Sermon for 22 June 2025 – 9.30am
Te Pouhere Sunday with Holy Baptism
Primary Texts:
Isaiah 42:10–20
2 Corinthians 5:14–19
John 15:9–17
The readings today are from the set assigned for Te Pouhere Sunday, when we celebrate our life together as a Three Tikanga Church. They speak powerfully to the identity and mission of the Church in Aotearoa, New Zealand and Polynesia.
Isaiah 42:10–20 is especially pertinent to this celebration of cultural diversity. The passage begins with a powerful call: “Sing to the Lord a new song, his praise from the end of the earth!” This summons invites not only individuals but whole communities—from coastlands to deserts, from seafarers to villagers—to raise their voices in praise. It reflects a beautiful image of diversity united in worship. In the context of our Three Tikanga Church, this echoes our vision of unity in difference: Māori, Pākehā, and Pasefika each offering their unique voice in a shared song to God (a three-part choir if you will).
Isaiah names specific peoples and regions—“the coastlands,” “the villages that Kedar inhabits,” and more—highlighting that God’s invitation is wide and inclusive. It’s a biblical affirmation that God’s justice and joy are not bound to one group, but meant for all cultures. Te Pouhere, our Church Constitution, upholds this same inclusive vision. It recognises the enduring place of the Māori Church, affirms the dignity of the Anglican Church in Polynesia, and enables the Pākehā stream to flourish—all within one body.
Later in the passage, God speaks of moving from silence to bold action: “For a long time I have held my peace… now I will cry out like a woman in labour.” This shift reminds us that God does not remain passive in the face of injustice or exclusion. God acts decisively to renew, to include, and to lead. We, as God’s children, are obliged to do the same; the amendment to the constitution in 1992 was a genuine attempt to do so.
Finally, Isaiah challenges us with: “Hear, you deaf; and look, you blind, so that you may see!” This is a call to awaken spiritually and socially—to notice the voices we might otherwise ignore and to welcome one another as Christ welcomes us. In a diverse church, this is an ongoing invitation to deeper listening, deeper seeing, and more faithful community.
In 2 Corinthians 5:14–19, Paul continues the theme of transformation. He describes the beginning of the Christian journey with powerful words: “If anyone is in Christ, there is a new creation: everything old has passed away; see, everything has become new!” To be a disciple is to be made new by Christ, to be reconciled to God, and to become part of God’s ongoing work of reconciling the world.
But this transformation is not just individual; it is corporate. Paul makes this clear. “The love of Christ urges us on… because we are convinced that one has died for all; therefore all have died.” Paul shifts the focus from personal salvation to a collective commission: we are called into a “ministry of reconciliation.” This is not a private, spiritual makeover. It is a reorientation toward community and mission.
That, I believe, is why our church authorities selected this passage for Te Pouhere Sunday. It articulates a vital truth: that personal transformation in Christ has public consequences. We are not only drawn into Christ; we are incorporated into a body – the Church – which exists to be an agent of reconciliation in the world.

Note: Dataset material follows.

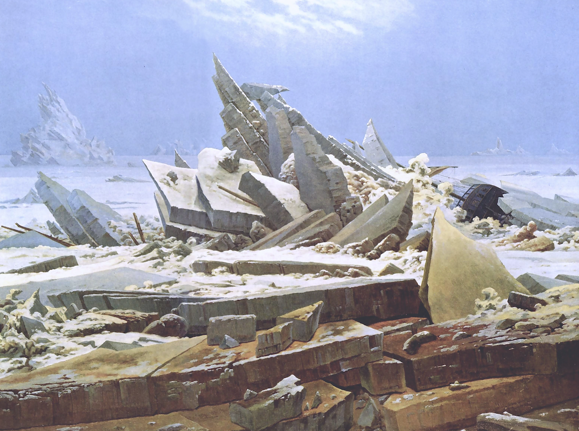 Caspar David Friedrich’s painting, The Sea of Ice, captures the era’s opposing sentiments regarding exploration and human nature. One one hand, we see the beauty of the final frontier; it's awe inspiring wonder. But shown too are subtle cautionary warnings. Indeed, the piece offers a critique on the notion that progress is always beneficial; that no frontier should be left unexplored. Fittingly encompassing these paradoxical sentiments is the sense of the sublime pervading the painting. Both feelings of terror and pleasure are invoked, coinciding with the juxtaposed arguments surrounding exploration. Friedrich highlights, along with Coleridge and Shelley, that certain barriers are not meant to be crossed, physically and psychologically; that the era’s high stature surrounding ambition and the pursuit of progress may entail unintended consequences. Friedrich shows this rather overtly with the wrecked ship within the deadly ice. Coleridge provides a more abstract take, but obvious is the thematic subjugation of humanity towards divine law. Mary Shelley distils all viewpoints and crystallizing them into a novel. She provides the most overt warning signs regarding the blind pursuit of knowledge and danger of transgressing one’s nature. Overall, what we can grasp is an era rife with anxiety concerning what barriers should and shouldn’t be crossed. In an era where only the most extreme frontiers are left, we finally begin to see alternative notions come to the forefront. Namely, that ambition is not our ultimate salvation—what we should instead embrace is what we already have, not what we can potentially find.

For our church – a church of three Tikanga – this message could not be more relevant. It reminds us that sustainable reconciliation among peoples and cultures is not merely institutional or constitutional – it is spiritual and Christ-rooted. We are entrusted with the message of reconciliation, and we carry that responsibility together.
This passage also speaks profoundly to the baptism of a young child like Michael Gray. In baptism, we affirm that even the youngest among us are welcomed into this new creation in Christ. Michael is not simply being welcomed into a faith tradition today; he is being grafted into the reconciling mission of God. The Church promises, on his behalf, to nurture him in this calling—to teach him, support him, and help him grow into someone who knows himself as a beloved part of the body of Christ. Baptism marks the beginning of Michael’s journey as one who shares in the ministry of reconciliation that Paul describes—a journey that is deeply personal but inseparable from our shared life in Christ.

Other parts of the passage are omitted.